Porous media as a beacon of hope? Seemingly hard to convey to laypeople, but Lunati once brought it closer to children – at an open lab day at the University of Lausanne. Using the example of drinking water production, he recounts with a mischievous smile, "I played with sand, water and porous material, from a 3D printer. Simply to stimulate the children to engage with research."

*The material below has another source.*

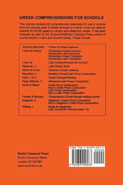A useful resource for the student of Ancient Greek, this book includes an interesting selection of passages in Greek by a variety of authors from Xenophon and Euripides to Plato. This book contains 80 comprehension exercises for use in schools from the second year of Greek through to A level. It can be used for GCSE papers or simply as a classroom reader. It is one of a series on course books on Latin and Ancient Greek.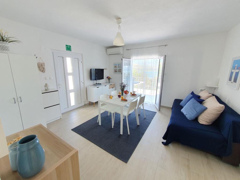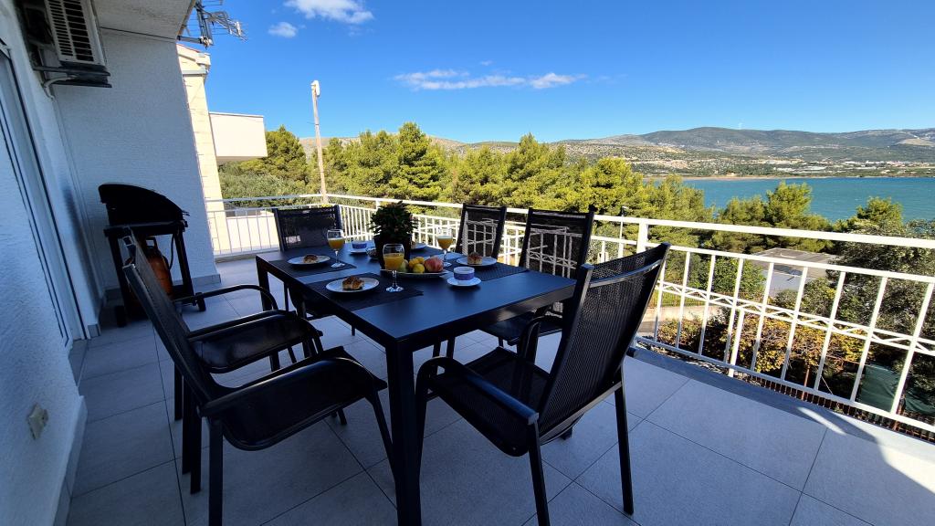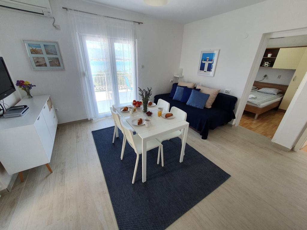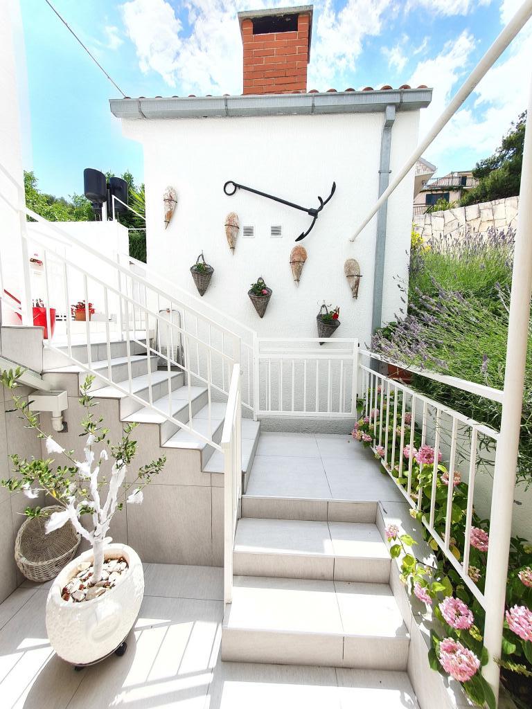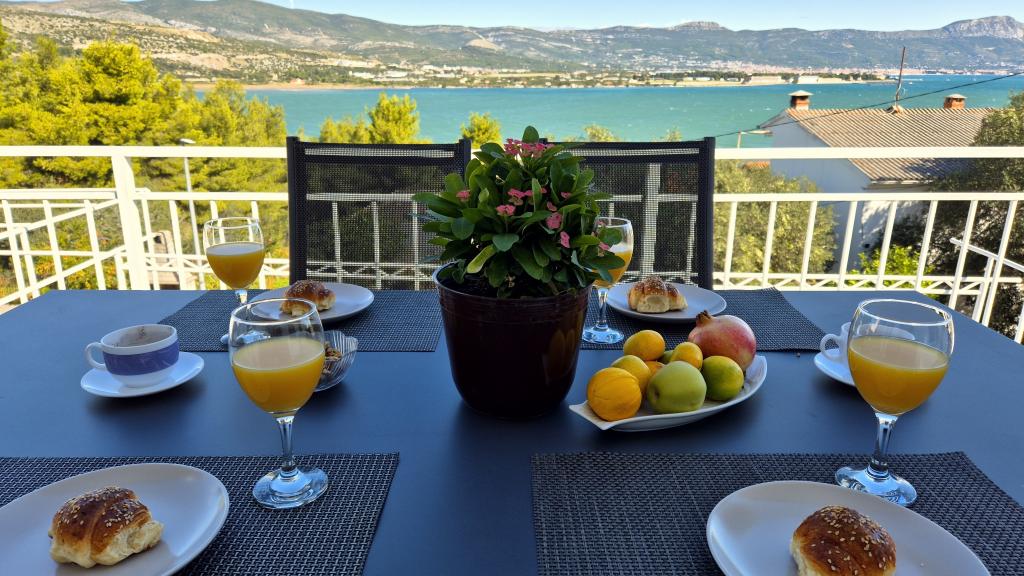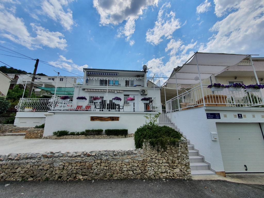 Apartamenty MIRTA znajdują się w północnej części wyspy Čiovo, 1,8 km na wschód od mostu łączącego stare miasto Trogir z Čiovo. Położone są w zacisznym miejscu, niedaleko lasu sosnowego i morza. Kamienista plaża znajduje się u podnóża apartamentu. Apartament 1 znajduje się na pierwszym piętrze domu otoczonego zielenią. Składa się z dwóch sypialni, salonu z jadalnią, kuchni i łazienki. Jest wyposażony tak, aby pomieścić 4-6 osób. W sypialniach znajduje się podwójne łóżko, a w salonie dodatkowe łóżko dla dwóch osób. Apartament 2 znajduje się na parterze. Składa się z dwóch sypialni (łóżka małżeńskie), salonu z jadalnią i kuchnią oraz łazienki. Apartamenty posiadają własny parking, osobne wejście i grill gazowy. Obydwa apartamenty posiadają taras z pięknym widokiem na morze i meblami ogrodowymi. Tarasy są idealne do całodziennego wypoczynku i spotkań towarzyskich na świeżym powietrzu.

Making complex things intelligible gives him palpable pleasure – and is by no means a contradiction to how he sees himself. "I'm a theoretical person," Lunati says, "theory is important to me." But that doesn't mean he neglects a practical view – on the contrary: "If I work on devising new models, they can later on be used by other people – in a wider variety of fields."

That's his vision for other topics as well. Take embodied machine learning, for example: Drones, which Empa experts are developing, could be equipped with sensors and novel algorithms to become intelligent by learning while interacting with their environment to collect data. Take the spread of corona viruses, for example: Instead of conventional computational models that simulate viral spread based on different populations, future models could even link single individuals.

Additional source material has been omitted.